*** Entries supplied ***

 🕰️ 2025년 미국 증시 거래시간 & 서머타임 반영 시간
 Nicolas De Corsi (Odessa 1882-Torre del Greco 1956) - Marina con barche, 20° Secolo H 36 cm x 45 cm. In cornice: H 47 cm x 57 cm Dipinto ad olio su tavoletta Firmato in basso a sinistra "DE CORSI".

*** End of Entries supplied ***
*** Entries supplied ***

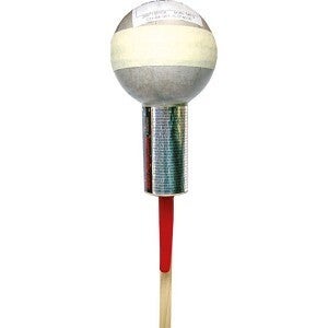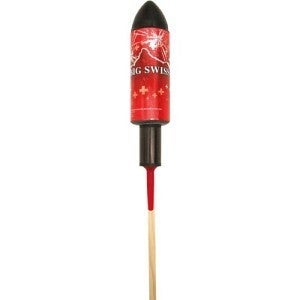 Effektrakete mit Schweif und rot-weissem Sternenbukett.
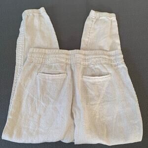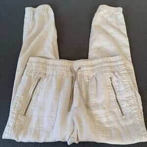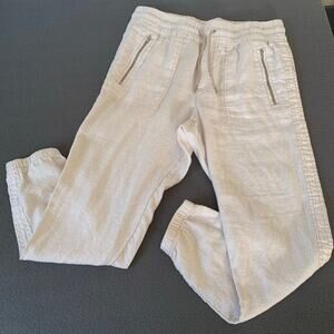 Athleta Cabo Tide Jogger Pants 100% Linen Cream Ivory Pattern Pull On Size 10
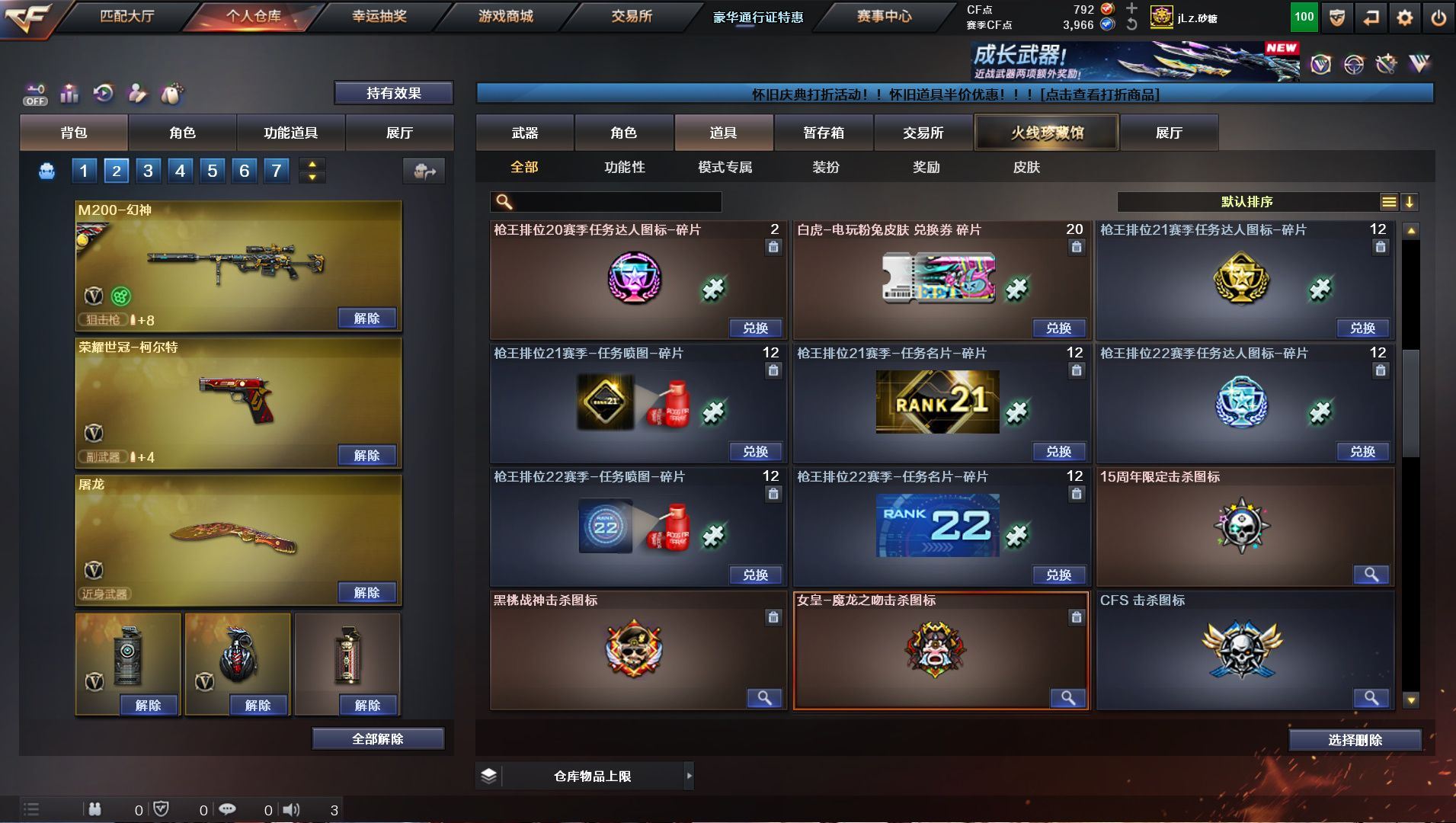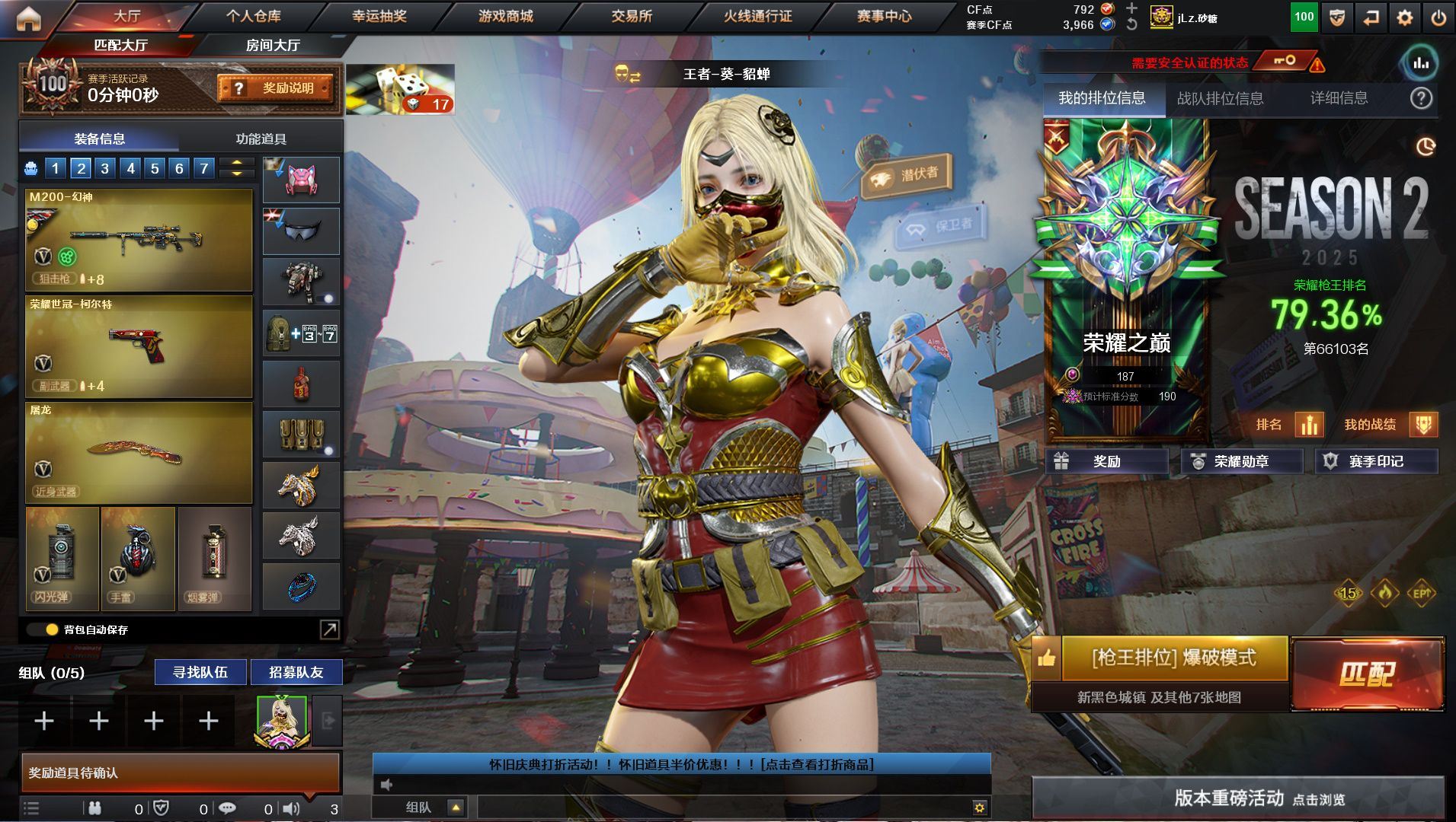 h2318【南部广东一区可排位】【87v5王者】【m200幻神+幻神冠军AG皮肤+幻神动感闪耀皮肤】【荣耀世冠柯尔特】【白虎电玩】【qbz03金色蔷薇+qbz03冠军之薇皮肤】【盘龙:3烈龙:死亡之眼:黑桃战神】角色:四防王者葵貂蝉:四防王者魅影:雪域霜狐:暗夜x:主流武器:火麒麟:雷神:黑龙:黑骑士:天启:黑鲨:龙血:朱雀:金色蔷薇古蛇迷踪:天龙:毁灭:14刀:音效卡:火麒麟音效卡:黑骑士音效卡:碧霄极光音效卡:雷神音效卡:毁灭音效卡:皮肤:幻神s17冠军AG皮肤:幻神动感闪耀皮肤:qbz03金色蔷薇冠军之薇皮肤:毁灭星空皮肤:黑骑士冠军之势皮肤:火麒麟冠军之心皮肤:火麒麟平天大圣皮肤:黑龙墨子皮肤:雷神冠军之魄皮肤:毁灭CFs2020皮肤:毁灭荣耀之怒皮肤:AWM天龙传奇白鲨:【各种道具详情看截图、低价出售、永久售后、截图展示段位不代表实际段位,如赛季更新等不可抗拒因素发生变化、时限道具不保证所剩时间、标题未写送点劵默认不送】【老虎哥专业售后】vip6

*** End of Entries supplied ***
*** Entries supplied ***

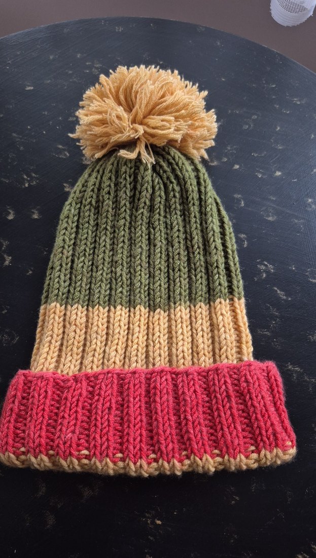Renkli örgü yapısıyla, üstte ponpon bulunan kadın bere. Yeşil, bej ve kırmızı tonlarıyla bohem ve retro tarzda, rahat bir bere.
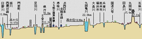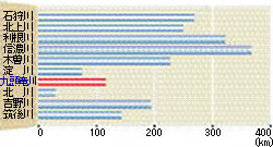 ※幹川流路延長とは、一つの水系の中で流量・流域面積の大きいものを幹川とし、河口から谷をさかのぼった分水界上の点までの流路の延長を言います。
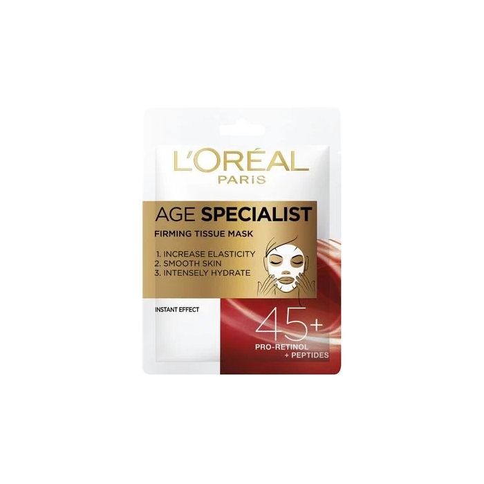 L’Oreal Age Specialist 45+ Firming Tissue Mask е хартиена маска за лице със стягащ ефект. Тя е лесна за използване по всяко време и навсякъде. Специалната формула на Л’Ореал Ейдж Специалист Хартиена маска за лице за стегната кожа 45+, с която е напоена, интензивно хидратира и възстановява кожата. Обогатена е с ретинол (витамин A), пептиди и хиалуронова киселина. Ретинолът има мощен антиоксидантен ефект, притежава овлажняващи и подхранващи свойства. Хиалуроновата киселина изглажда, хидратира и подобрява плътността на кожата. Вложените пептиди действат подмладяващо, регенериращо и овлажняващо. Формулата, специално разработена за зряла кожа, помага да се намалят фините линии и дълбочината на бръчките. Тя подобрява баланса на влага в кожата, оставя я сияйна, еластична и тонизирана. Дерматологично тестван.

*** End of Entries supplied ***

§ **Task statement**
The entries above hold the needed span. Transcribe exactly the lines from the one with "거래시간 & 서머타임 반영 시간" to the one with "Nicolas De Corsi", both included.

§ **Solution to the problem**
 🕰️ 2025년 미국 증시 거래시간 & 서머타임 반영 시간
 Nicolas De Corsi (Odessa 1882-Torre del Greco 1956) - Marina con barche, 20° Secolo H 36 cm x 45 cm. In cornice: H 47 cm x 57 cm Dipinto ad olio su tavoletta Firmato in basso a sinistra "DE CORSI".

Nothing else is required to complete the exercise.